Exercise inputs
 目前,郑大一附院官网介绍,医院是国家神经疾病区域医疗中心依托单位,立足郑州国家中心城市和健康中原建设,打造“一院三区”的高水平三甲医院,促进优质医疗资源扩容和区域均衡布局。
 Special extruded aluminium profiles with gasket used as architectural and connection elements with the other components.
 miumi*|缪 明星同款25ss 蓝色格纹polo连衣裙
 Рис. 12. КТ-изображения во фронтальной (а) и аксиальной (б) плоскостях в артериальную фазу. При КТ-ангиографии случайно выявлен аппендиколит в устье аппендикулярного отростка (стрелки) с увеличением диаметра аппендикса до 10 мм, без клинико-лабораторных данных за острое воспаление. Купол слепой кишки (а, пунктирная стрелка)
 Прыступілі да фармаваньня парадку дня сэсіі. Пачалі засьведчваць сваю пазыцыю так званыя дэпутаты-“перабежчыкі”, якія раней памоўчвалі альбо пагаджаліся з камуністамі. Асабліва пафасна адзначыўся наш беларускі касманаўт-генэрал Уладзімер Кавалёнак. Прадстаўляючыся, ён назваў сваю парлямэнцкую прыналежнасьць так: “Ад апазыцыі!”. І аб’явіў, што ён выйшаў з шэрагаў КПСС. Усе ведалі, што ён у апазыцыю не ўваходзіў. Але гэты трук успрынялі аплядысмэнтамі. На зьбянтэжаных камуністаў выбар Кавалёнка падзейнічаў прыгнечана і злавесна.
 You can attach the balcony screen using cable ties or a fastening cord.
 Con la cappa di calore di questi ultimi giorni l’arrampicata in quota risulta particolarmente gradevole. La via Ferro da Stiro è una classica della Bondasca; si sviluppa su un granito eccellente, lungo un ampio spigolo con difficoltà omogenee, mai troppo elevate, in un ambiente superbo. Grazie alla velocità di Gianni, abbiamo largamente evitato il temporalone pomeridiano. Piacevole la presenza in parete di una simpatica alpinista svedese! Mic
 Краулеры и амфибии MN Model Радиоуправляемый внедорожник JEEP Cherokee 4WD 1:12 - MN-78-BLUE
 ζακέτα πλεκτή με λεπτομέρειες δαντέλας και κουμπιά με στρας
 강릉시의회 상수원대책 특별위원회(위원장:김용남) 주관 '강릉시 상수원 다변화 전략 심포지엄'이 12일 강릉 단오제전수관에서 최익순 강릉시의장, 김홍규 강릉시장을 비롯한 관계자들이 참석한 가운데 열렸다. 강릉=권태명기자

Problem to solve
Give back the data above exactly as it appears.

Exercise output
 目前,郑大一附院官网介绍,医院是国家神经疾病区域医疗中心依托单位,立足郑州国家中心城市和健康中原建设,打造“一院三区”的高水平三甲医院,促进优质医疗资源扩容和区域均衡布局。
 Special extruded aluminium profiles with gasket used as architectural and connection elements with the other components.
 miumi*|缪 明星同款25ss 蓝色格纹polo连衣裙
 Рис. 12. КТ-изображения во фронтальной (а) и аксиальной (б) плоскостях в артериальную фазу. При КТ-ангиографии случайно выявлен аппендиколит в устье аппендикулярного отростка (стрелки) с увеличением диаметра аппендикса до 10 мм, без клинико-лабораторных данных за острое воспаление. Купол слепой кишки (а, пунктирная стрелка)
 Прыступілі да фармаваньня парадку дня сэсіі. Пачалі засьведчваць сваю пазыцыю так званыя дэпутаты-“перабежчыкі”, якія раней памоўчвалі альбо пагаджаліся з камуністамі. Асабліва пафасна адзначыўся наш беларускі касманаўт-генэрал Уладзімер Кавалёнак. Прадстаўляючыся, ён назваў сваю парлямэнцкую прыналежнасьць так: “Ад апазыцыі!”. І аб’явіў, што ён выйшаў з шэрагаў КПСС. Усе ведалі, што ён у апазыцыю не ўваходзіў. Але гэты трук успрынялі аплядысмэнтамі. На зьбянтэжаных камуністаў выбар Кавалёнка падзейнічаў прыгнечана і злавесна.
 You can attach the balcony screen using cable ties or a fastening cord.
 Con la cappa di calore di questi ultimi giorni l’arrampicata in quota risulta particolarmente gradevole. La via Ferro da Stiro è una classica della Bondasca; si sviluppa su un granito eccellente, lungo un ampio spigolo con difficoltà omogenee, mai troppo elevate, in un ambiente superbo. Grazie alla velocità di Gianni, abbiamo largamente evitato il temporalone pomeridiano. Piacevole la presenza in parete di una simpatica alpinista svedese! Mic
 Краулеры и амфибии MN Model Радиоуправляемый внедорожник JEEP Cherokee 4WD 1:12 - MN-78-BLUE
 ζακέτα πλεκτή με λεπτομέρειες δαντέλας και κουμπιά με στρας
 강릉시의회 상수원대책 특별위원회(위원장:김용남) 주관 '강릉시 상수원 다변화 전략 심포지엄'이 12일 강릉 단오제전수관에서 최익순 강릉시의장, 김홍규 강릉시장을 비롯한 관계자들이 참석한 가운데 열렸다. 강릉=권태명기자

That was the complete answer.